Microsegmentation, says CEO Peter Smith, is more secure than traditional security systems.

"You've got a bunch of systems that are in a big open network, which is what is typical in corporate America today, and when the attacker gets in, they jump between boxes by using these unnecessary access points to compromise vulnerable systems," Smith said. "You've got to shrink those networks. The attackers are just walking through as if you have no protections."

Microsegmentation has soared in popularity in the cybersecurity community in recent years. Alan Cohen, chief commercial officer at California-based cloud computing security company Illumio, wrote in a March report that it was "fast becoming a foundational layer of the security architecture for today’s data center and cloud computing environments." Last year, global research and advisory firm Gartner listed microsegmentation in its top 10 security projects for chief information security officers.

But microsegmentation can be complicated to set up, Smith notes, requiring months or years of intensive overhead. The startup's automation shaves that off.

"It gets machine learning recommendations based on the analysis we've performed and automatically builds the segments," Smith said. "It builds the policies to allow access between them. Then, once it's done, it shows us the results of the process.
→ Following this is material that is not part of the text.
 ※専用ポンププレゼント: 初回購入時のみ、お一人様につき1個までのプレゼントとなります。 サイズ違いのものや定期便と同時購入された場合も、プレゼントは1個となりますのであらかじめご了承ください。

It can be as quick as 10 seconds. It can be as long as around a minute and a half."

Edgewise has spent about three years building its machine learning technology. It has had three patents approved, with eight more pending. Since its seed funding round in 2017, the startup has built out its management team, continued development on its enterprise software, and won over key clients, including cloud communications provider Vonage and law firm Goulston & Storrs.

The company is currently hiring for a senior/principal software engineer and a business development representative.
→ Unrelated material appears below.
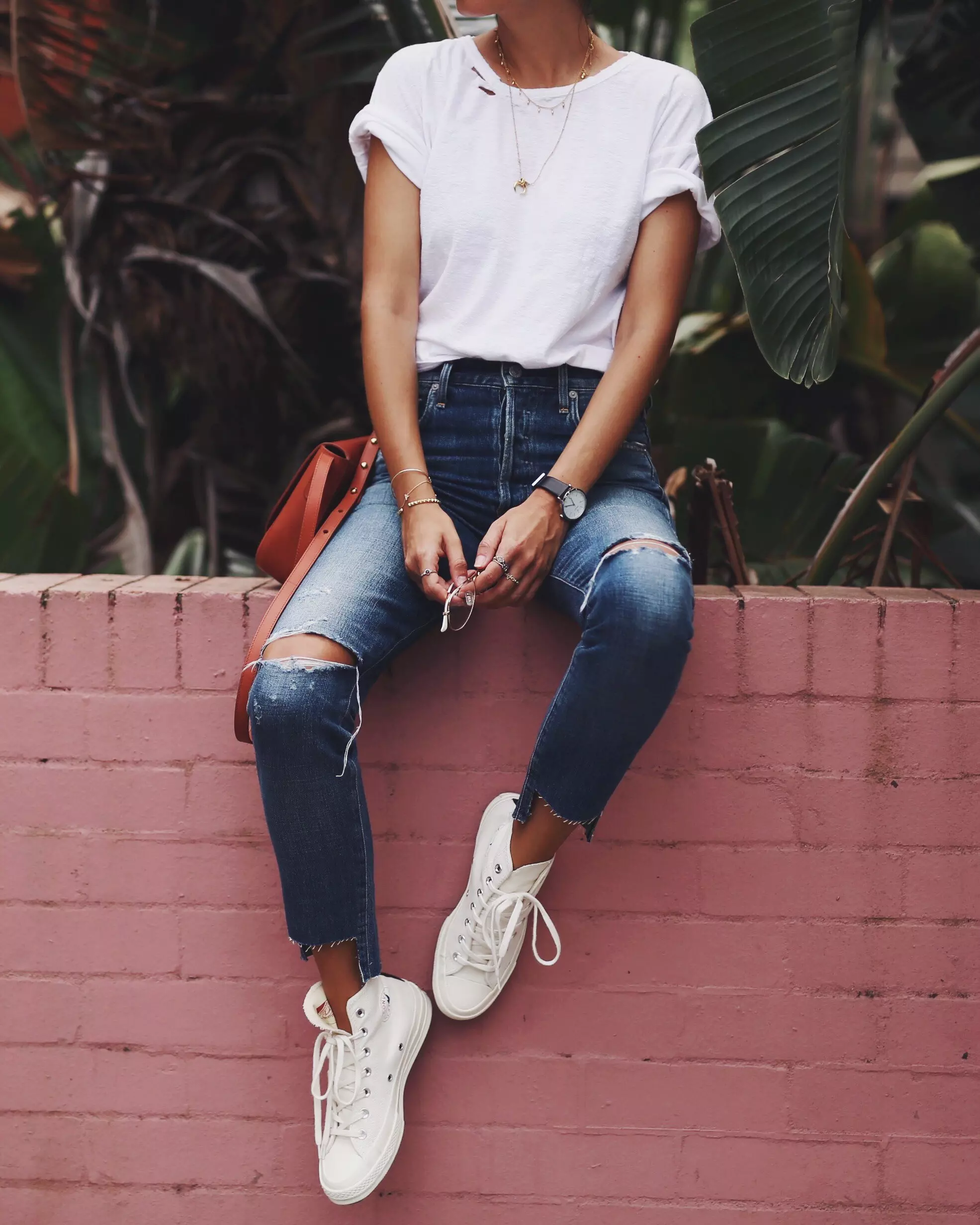 Светлая футболка и бойфренды — просто и всегда трендово.

For Smith, the goal is to make cybersecurity simple and accessible—and prevent future attacks like 2017's Equifax data breach and the Quest Diagnostics breach that was revealed just last week.

"We can literally land a rocket on a floating barge in the middle of the Pacific Ocean," Smith said. "We can we can drive door to door without touching a steering wheel, and we can search, on Google, 30 trillion pages instantly. It is baffling to me how cyber security can be as complicated as it is today when we have the technology to make it simple."